▶ [What is being asked]: For the lines from the one with "Το Παιδικό μας" to the end of the listing below, both ends included, give an exact copy and nothing more. Do not copy pictures.

[Data segment — start]

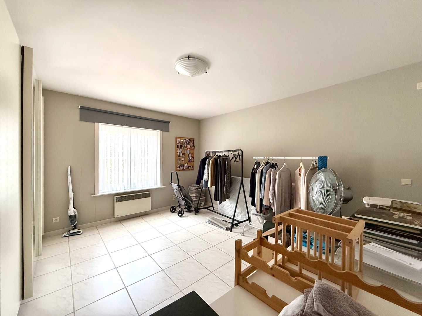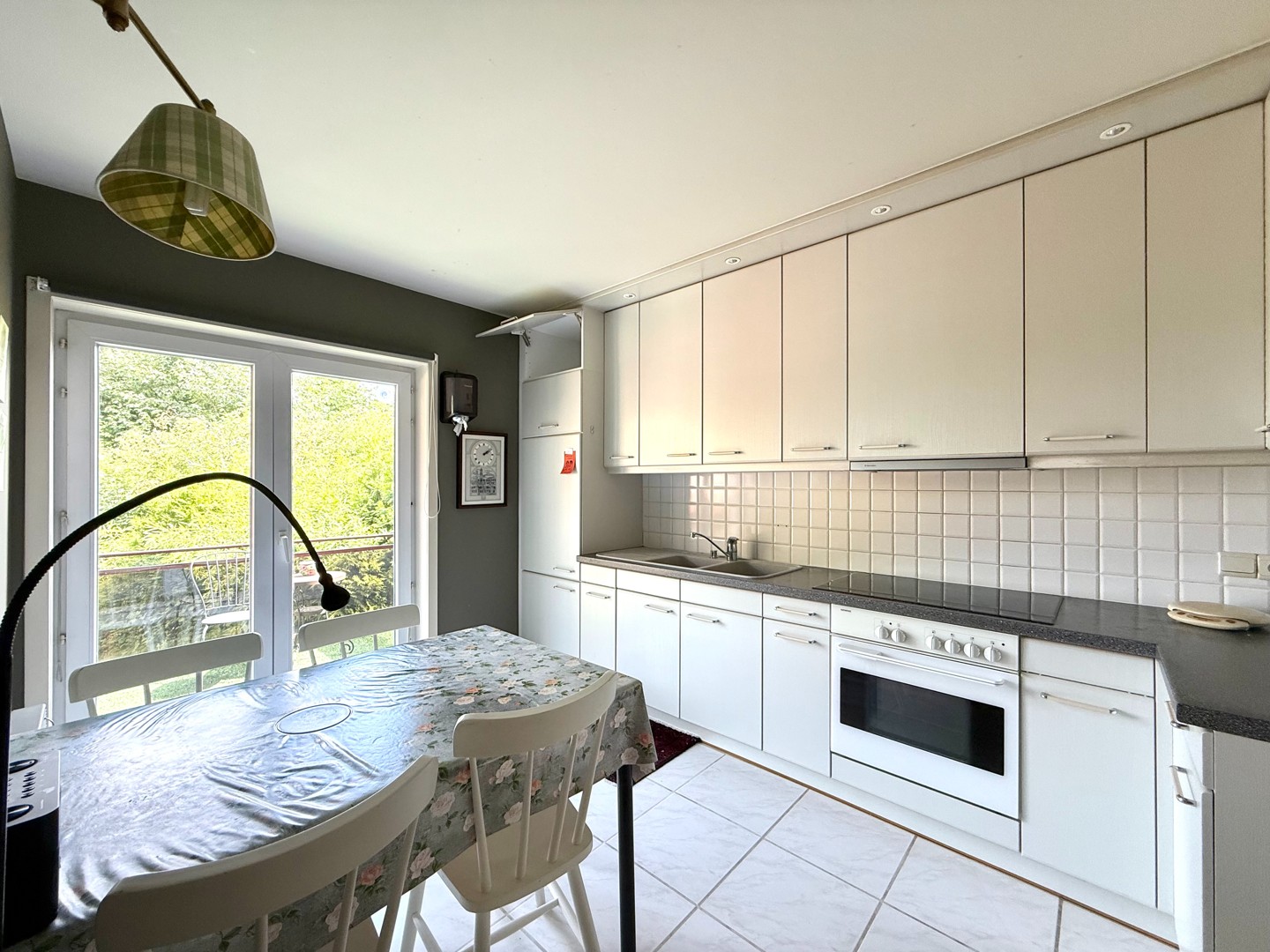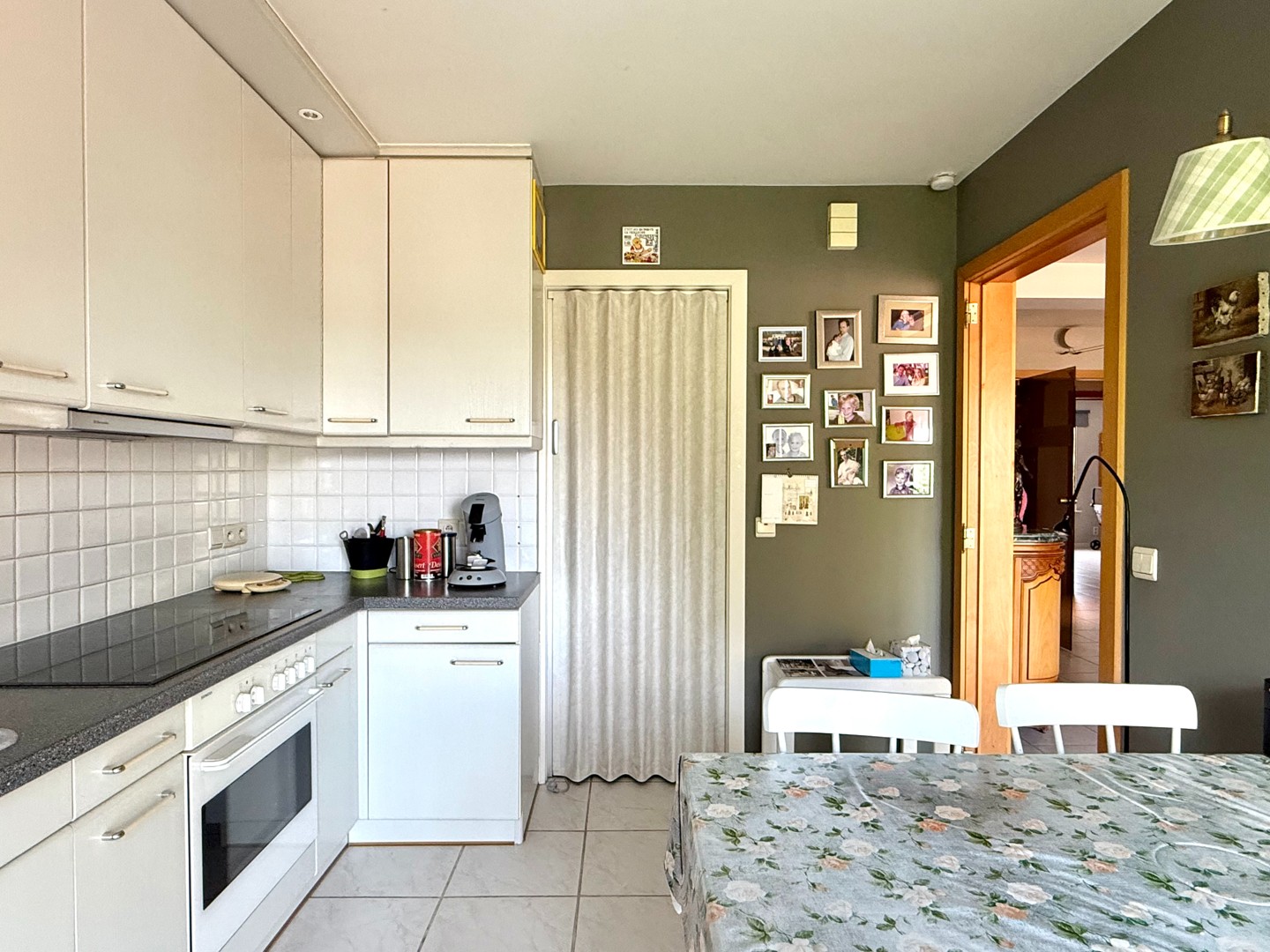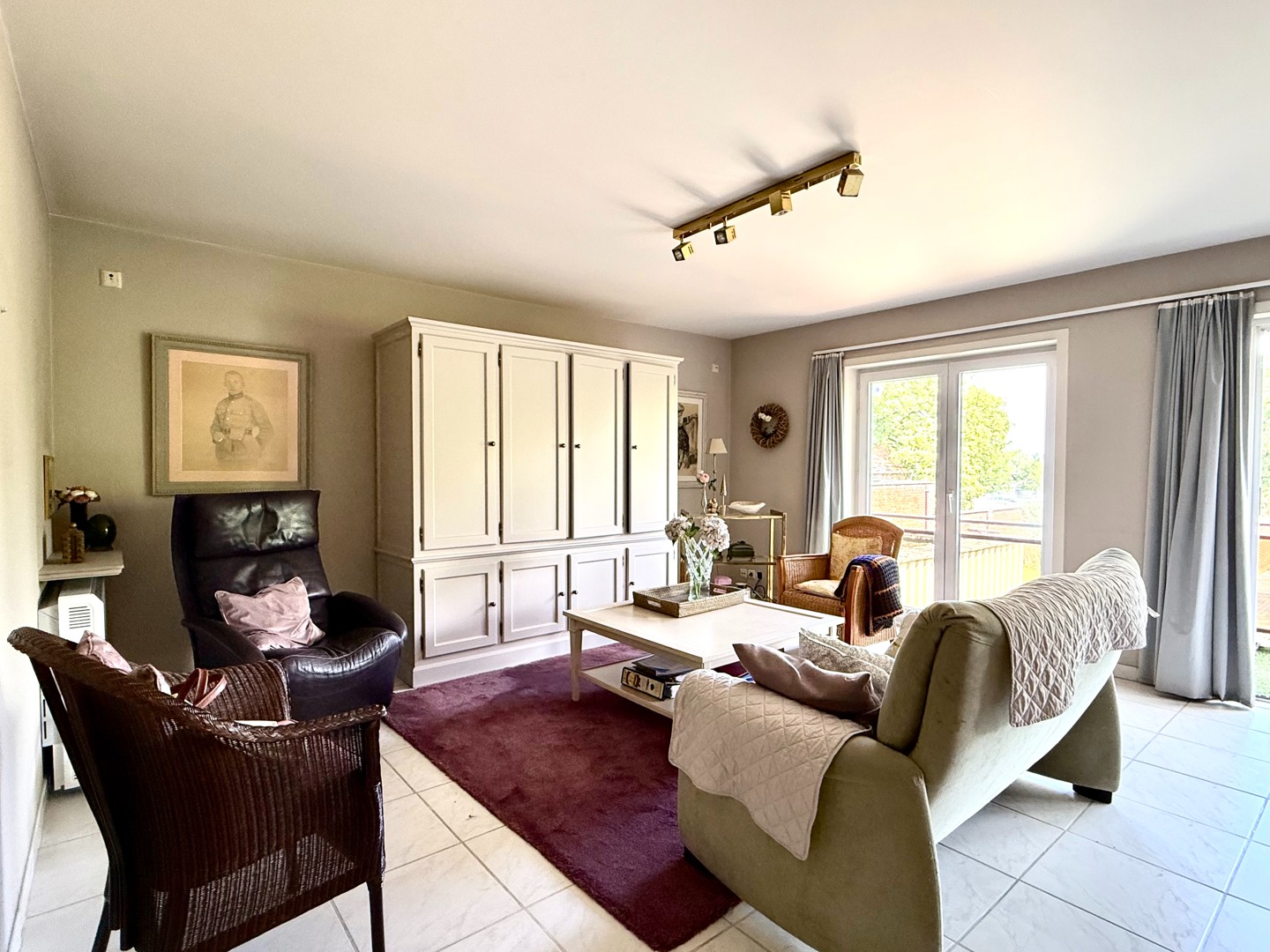 De leefruimte is bijzonder aangenaam dankzij de grote raampartijen die zorgen voor overvloedig natuurlijk licht. De open indeling sluit naadloos aan op de volledig uitgeruste keuken.
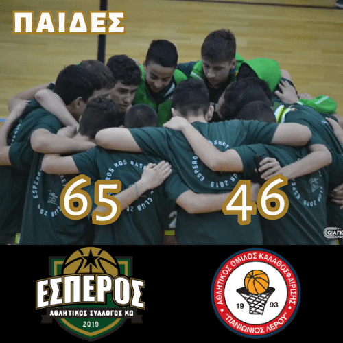 Το Παιδικό μας τμήμα νίκησε τον Πανιώνιο Λέρου με 65-46 και βρίσκεται με το ενάμιση πόδι στην τελική φάση που θα διεξαχθεί στο νησί της Αρτέμιδος.
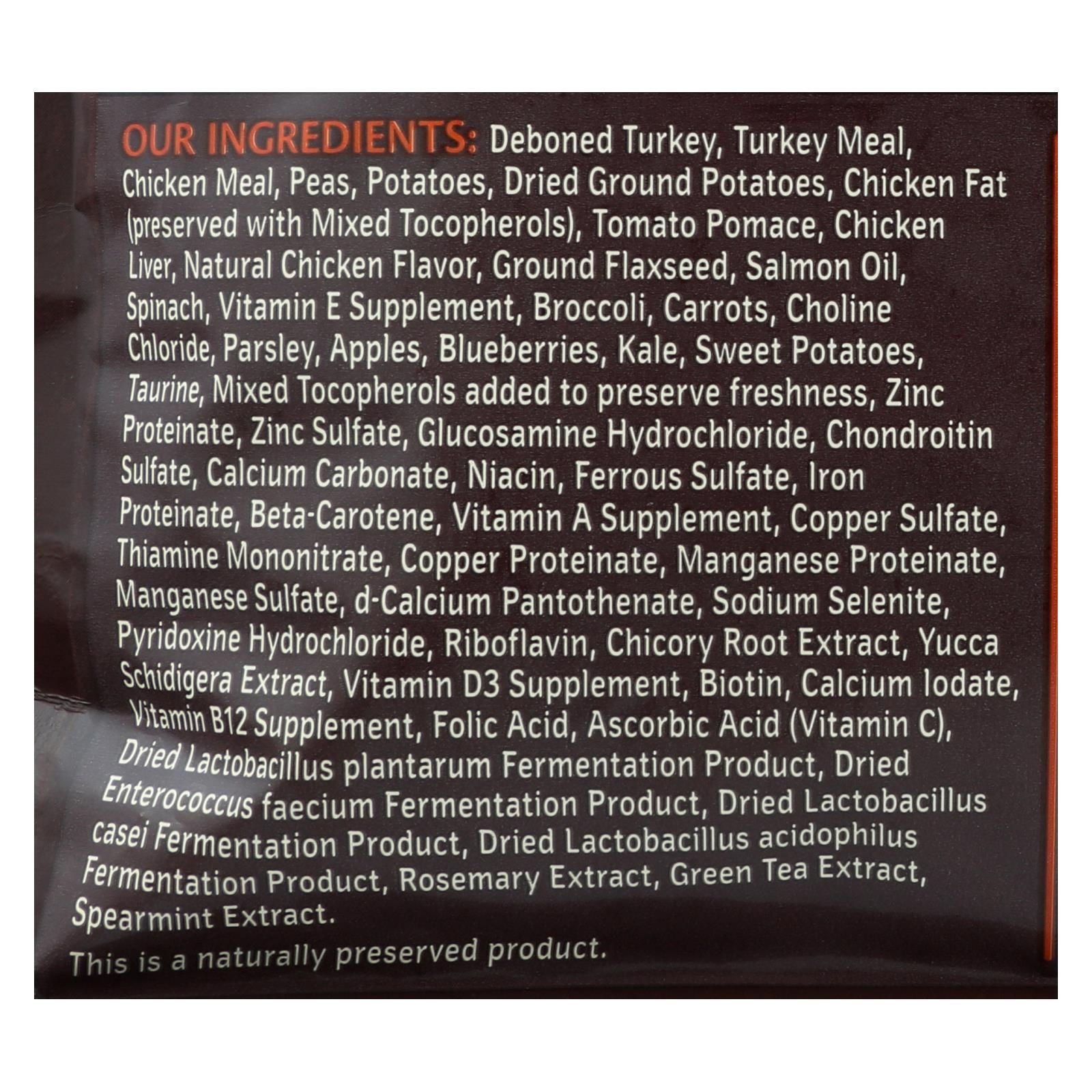 ingredients : deboned turkey;turkey meal;chicken meal;peas;potatoes;dried ground potatoes;chicken fat;preserved with mixed tocopherols;tomato pomace;chicken liver;natural chicken flavor;ground flaxseed;salmon oil;spinach;vitamin e supplement;broccoli;carrots;choline chloride;parsley;apples;blueberries;kale;sweet potatoes;taurine;mixed tocopherols added to preserve freshness;zinc proteinate;zinc sulfate;glucosamine hydrochloride;chondroitin sulfate;calcium carbonate;niacin;ferrous sulfate;iron proteinate;beta-

[Data segment — finish]

▶ [Response box]:
 Το Παιδικό μας τμήμα νίκησε τον Πανιώνιο Λέρου με 65-46 και βρίσκεται με το ενάμιση πόδι στην τελική φάση που θα διεξαχθεί στο νησί της Αρτέμιδος.
 ingredients : deboned turkey;turkey meal;chicken meal;peas;potatoes;dried ground potatoes;chicken fat;preserved with mixed tocopherols;tomato pomace;chicken liver;natural chicken flavor;ground flaxseed;salmon oil;spinach;vitamin e supplement;broccoli;carrots;choline chloride;parsley;apples;blueberries;kale;sweet potatoes;taurine;mixed tocopherols added to preserve freshness;zinc proteinate;zinc sulfate;glucosamine hydrochloride;chondroitin sulfate;calcium carbonate;niacin;ferrous sulfate;iron proteinate;beta-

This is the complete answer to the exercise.